• **DATASET EXCERPTS**:
- Opening Delimiter -
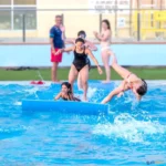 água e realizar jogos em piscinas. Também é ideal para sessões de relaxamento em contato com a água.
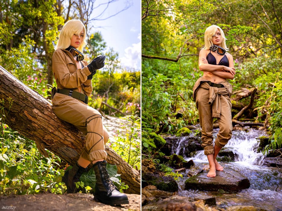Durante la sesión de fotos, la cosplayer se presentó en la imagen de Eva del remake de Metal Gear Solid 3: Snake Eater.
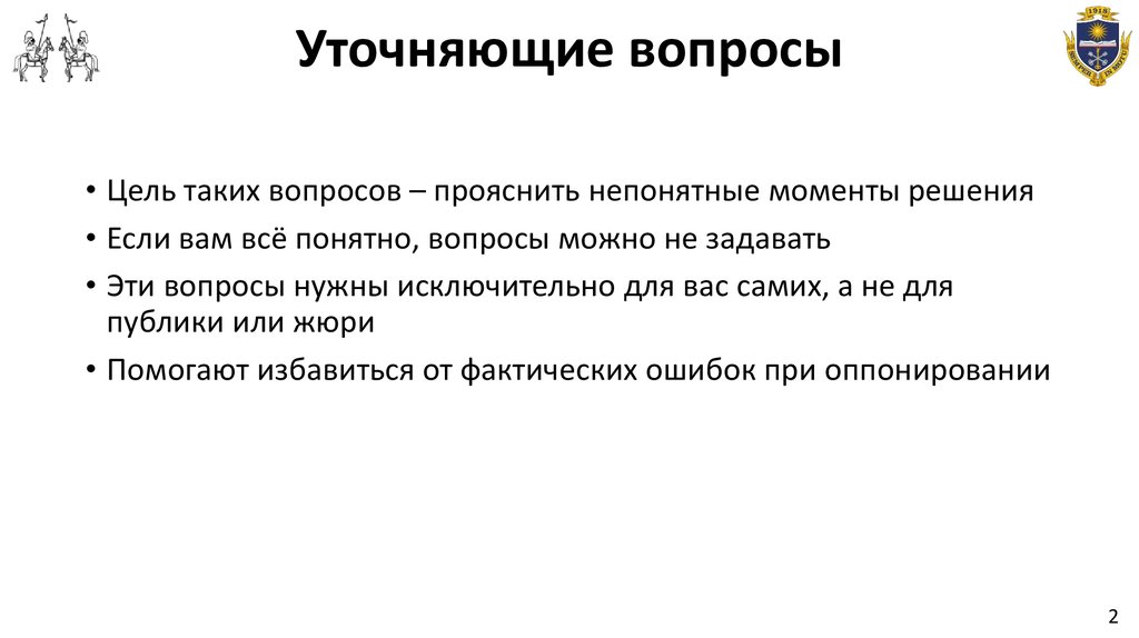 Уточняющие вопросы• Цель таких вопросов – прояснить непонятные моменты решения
- Closing Delimiter -
- Opening Delimiter -
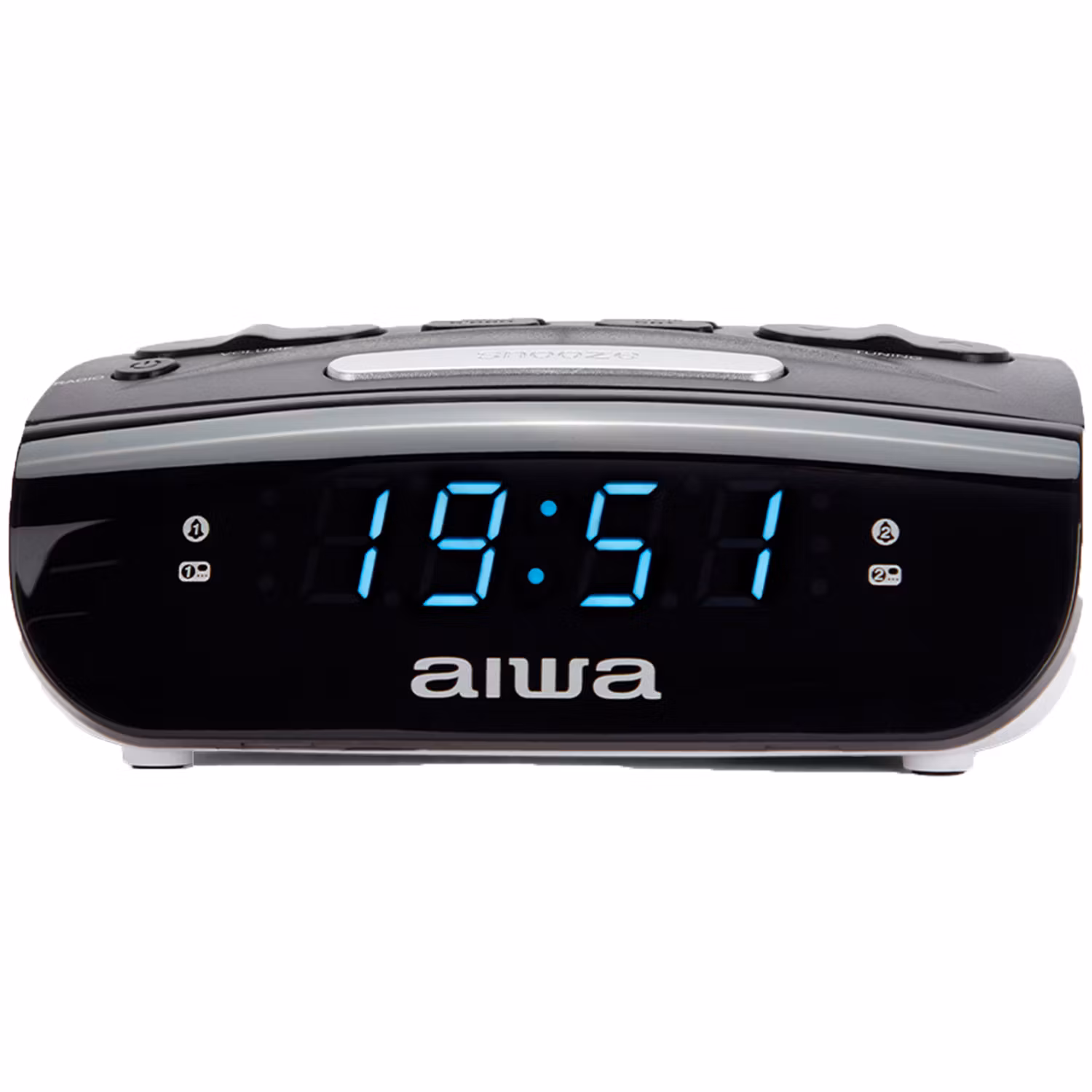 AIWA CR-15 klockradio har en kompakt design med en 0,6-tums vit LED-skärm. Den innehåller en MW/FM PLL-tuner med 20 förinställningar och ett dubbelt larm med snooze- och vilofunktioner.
- Closing Delimiter -
- Opening Delimiter -
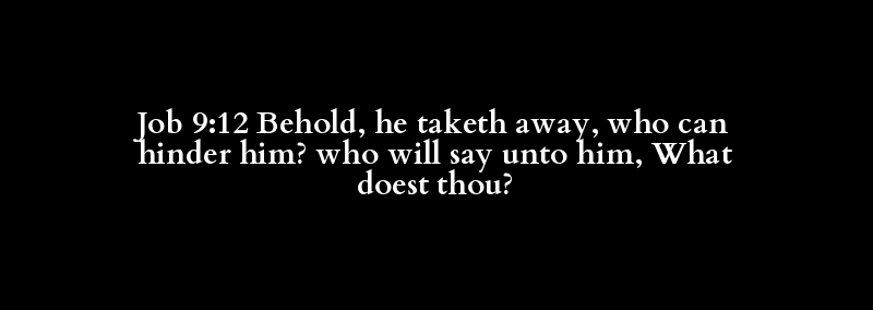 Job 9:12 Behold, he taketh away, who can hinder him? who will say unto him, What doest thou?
- Closing Delimiter -
• **TASK**:
Everything above from the line containing "Durante la sesión" through the line containing "Уточняющие вопросы• Цель" must be repeated exactly, and the pictures must be left out.

• **RESPONSE FOR THIS EXERCISE**:
Durante la sesión de fotos, la cosplayer se presentó en la imagen de Eva del remake de Metal Gear Solid 3: Snake Eater.
 Уточняющие вопросы• Цель таких вопросов – прояснить непонятные моменты решения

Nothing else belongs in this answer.